Advertisement

Regents OK Sale of UC Irvine Parcel to Tollway Agency

Share
TIMES STAFF WRITER

Defying a hostile faculty resolution, the UC Board of Regents on Thursday approved the sale of 25.2 acres of land on the UC Irvine campus to the agency building a controversial $1-billion toll road.

Some of the land is within an ecological reserve, but UC Irvine officials said that both campus and county growth plans recognized the tollway’s path in official planning documents years ago.

The San Joaquin Hills Transportation Corridor Agency’s offer of $10.5 million for the acreage on the south side of the campus was accepted during a closed session of the Board of Regents on Thursday afternoon in San Francisco, UC spokesman Rick Malaspina said.

Advertisement

About $2.7 million of the purchase price will be used to mitigate noise from traffic on the toll road. And 18.7 acres of land will be restored as a coastal sage scrub habitat, at least half of which will be at a location designated by the university.

Acting UC Irvine Chancellor L. Dennis Smith recently attempted to deflect campus criticism of the sale by announcing that the tollway agency was willing to take fewer acres from that portion of the property now in an ecological reserve.

But last week the campus branch of the Academic Senate voted 38 to 3, with one abstention, for a resolution stating that the sale “is not in the best interest of the university at this time.”

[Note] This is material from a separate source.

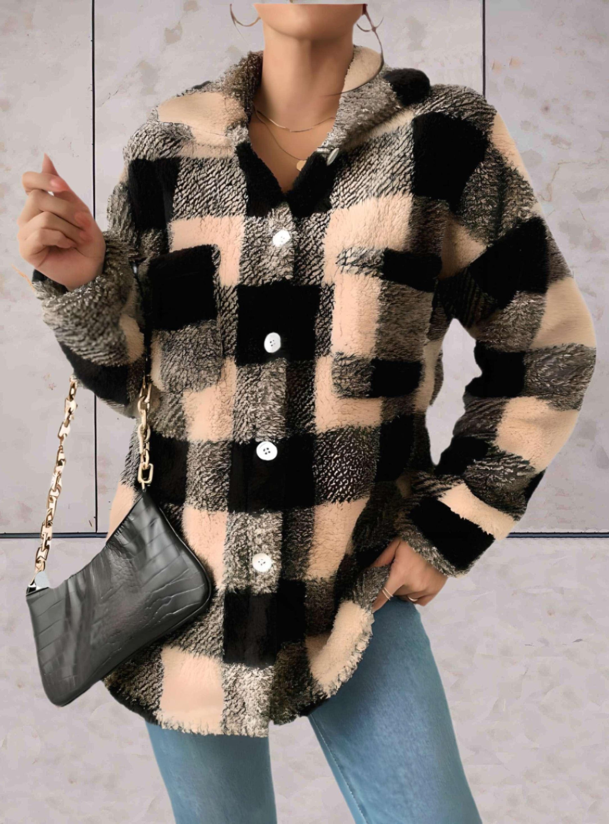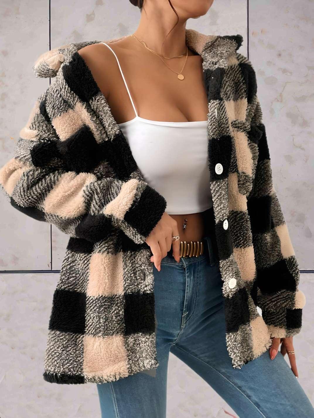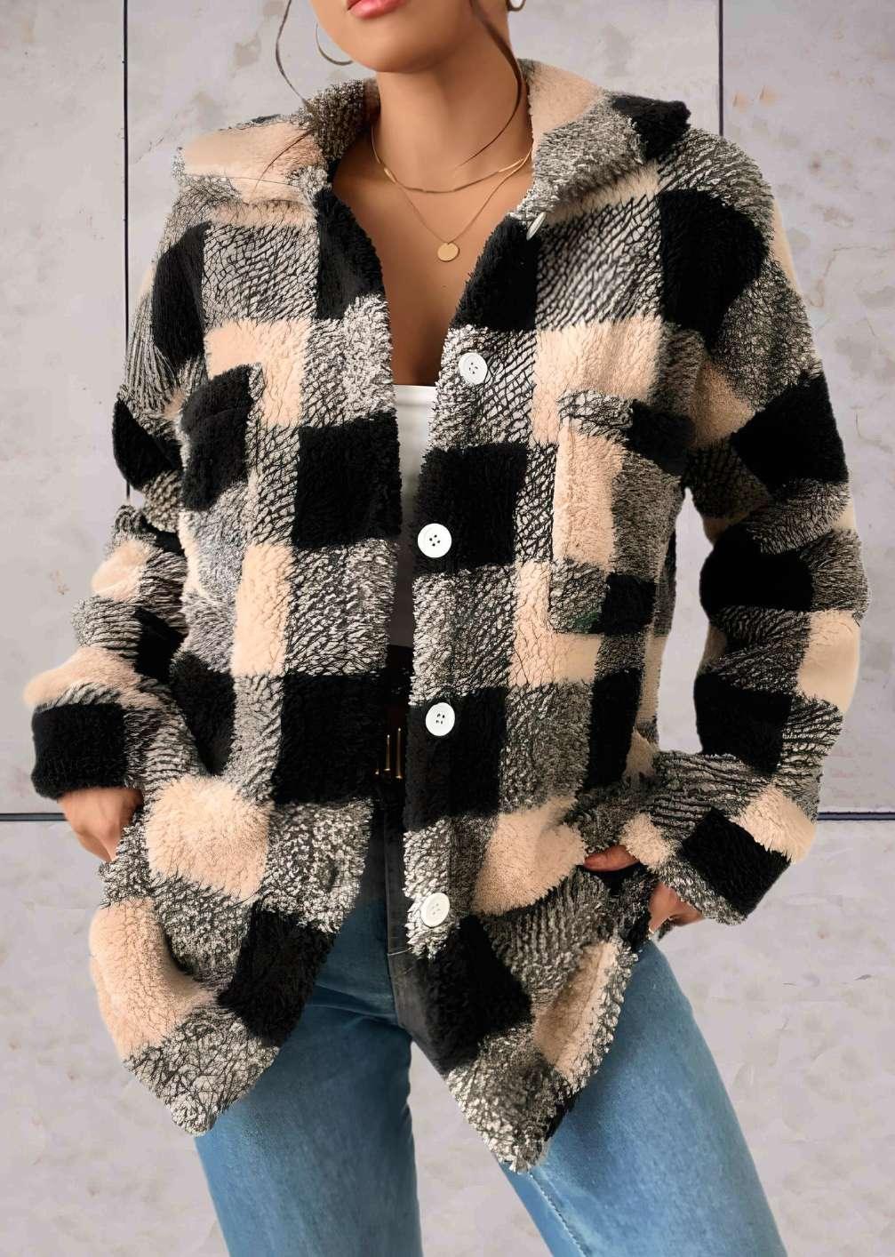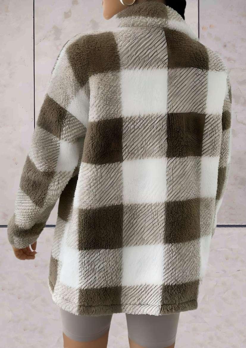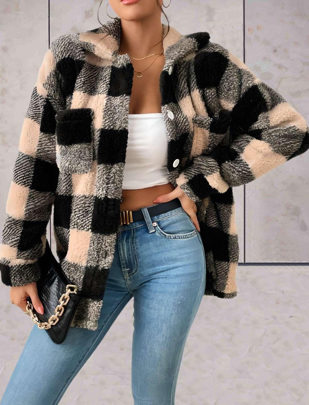 Lexie - Lang imitatieruitjesmodel met jack met grote kraag

Some faculty members fear that the loss of the acreage, which includes the most biologically diverse portion of the reserve, will be a serious loss not only environmentally but also as a teaching resource.

Stephen Weller, a UCI professor of ecology and evolutionary biology, said Thursday: “I’m very disappointed because our campus loses an important asset. We’ve probably done everything we could have. We took our protest directly to the board.”

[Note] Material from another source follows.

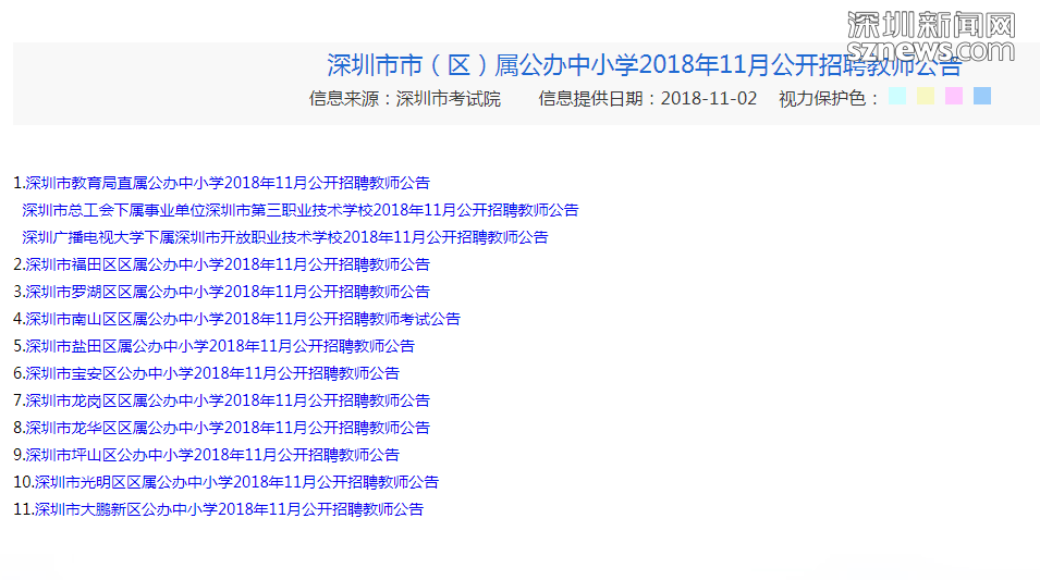深圳市市(區(qū))屬公辦中小學(xué)2018年11月公開(kāi)招聘教師公告

Smith, meanwhile, has argued that the toll road is essential for the continued fiscal growth of the university, that it will eventually account for 35% of the traffic entering the campus and that the route was included in campus plans years ago.

Advertisement

Joseph DiMento, an assistant executive vice chancellor who oversees land management for UCI, said: “I’m very sympathetic” to those faculty members who protested the land sale. “We were between a rock and a hard place.”

DiMento said the university will be vigilant in monitoring how the tollway agency develops the land.

“I’d be supportive of ideas that would even further limit the impact (of development) on the space,” he said.